Ну, а за окном был нормальный городской пейзаж, а в углу что-то мелькало в телевизоре.
И не было бы в этой расхожей бытовой сценке ничего примечательного, если бы не бешеная ярость в речах одного из собеседников и не ужасное их содержание. Что примечательно: огонь и дым извергал именно голубоглазый ангел, а мялся и кряхтел брутальный мачо. Что еще раз подтверждает известную истину о том, что внешность обманчива.

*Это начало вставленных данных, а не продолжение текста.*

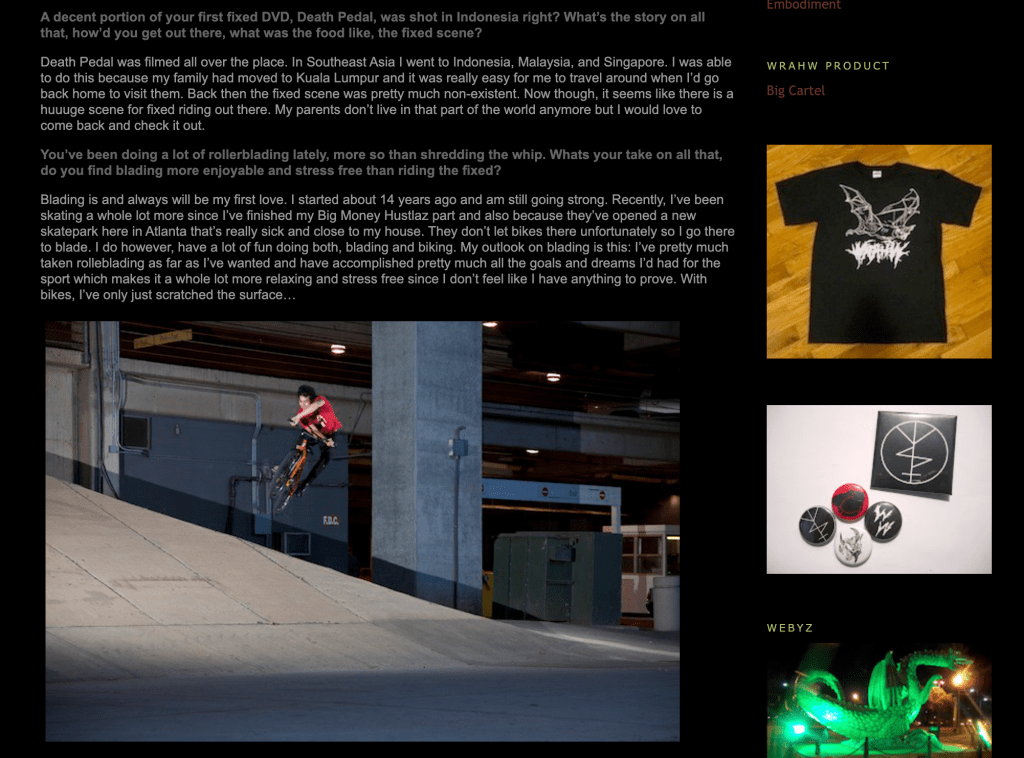 Coming from a Blading background, Kareem got into fixed gear bikes in 2006 as a hobby to accompany blading, but ended up consuming his life. With a background making skate videos, it was only natural for Kareem to also make fixed gear videos. As a result, he is the man behind some of the most popular fixed gear videos and DVDs, including Death Pedal, Death Pedal 2, Big Money Hustlaz, Southern Safari, and many more online edits.

— Мы ничего не можем с ними поделать, Джо. Их много. У них вся власть. И деньги. И телевидение, и социальные сети. И армия. Правительство. Отряды штурмовиков. И масса людей верит им, вот что самое страшное! Что же мы можем сделать?..
— Убивать!
— Кого? О чем ты говоришь?.. Их много, они сила. Кого убивать? Никого ты не перебьешь. Всех убивать станешь, что ли?
— Нет. Всех не надо.
— А кого? Кого — надо?
— Знаешь, я ведь все терпел. Долго. Очень долго. Терпел, когда в колледж приняли не меня, а негра. Он был глупее и ни хрена не знал. Но он же был черный! И этого было достаточно. Потом терпел, когда старшим диспетчером поставили не меня, а негра. Он с трудом считал и вечно все забывал, но он же был черный! А это главное.
Потом меня погнали на курсы расового раскаяния, или как там это у них называлось. На этих курсах учили, что ты дерьмо, потому что белый. И все, что сделали белые — дерьмо. И наша страна дерьмо, потому что она расистская. И вся наша история. Наш флаг, и отцы-основатели, и писатели, в общем — все дерьмо. А главное в мире — это черные.

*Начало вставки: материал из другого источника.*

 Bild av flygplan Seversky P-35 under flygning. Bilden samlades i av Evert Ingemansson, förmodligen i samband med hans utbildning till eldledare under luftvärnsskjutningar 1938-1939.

И еще — главные все бедные. Насрать, что бедный может быть ленив, жулик, нарк, бездельник — это ты виноват! Потому что у тебя — белая привилегия. И ты должен на него работать, ты понял? Ты должен свое заработанное отдавать ему, чтоб он жил не хуже тебя. Потому что это называется социальная справедливость.
Знаешь, я стерпел, когда моего старика в Балтиморе свалил на улице какой-то черный гад. «Белый медведь», ну, знаешь. Игра такая, милая такая, игра черных сукиных детей. Свалить белого с ног одним ударом в челюсть. Незнакомого. На улице. Неожиданно. Лучше — старика: его легче свалить, и сдачи не получишь. Я должен был поехать туда, найти гада и изуродовать. Отец получил сотрясение мозга и месяц пролежал в госпитале. А я утешал его по телефону. Мудак сраный.
Но когда они добрались до детей — это все. Это конец. Это предел. Больше им живым не ходить. То есть какая-та красножопая сука, какая-то демократическая мразь порылась в сетях и решила, что я «допускаю экстремистские высказывания». Разжигаю рознь. Подрываю демократию. Какую еще на хер демократию в этом фашистском государстве?!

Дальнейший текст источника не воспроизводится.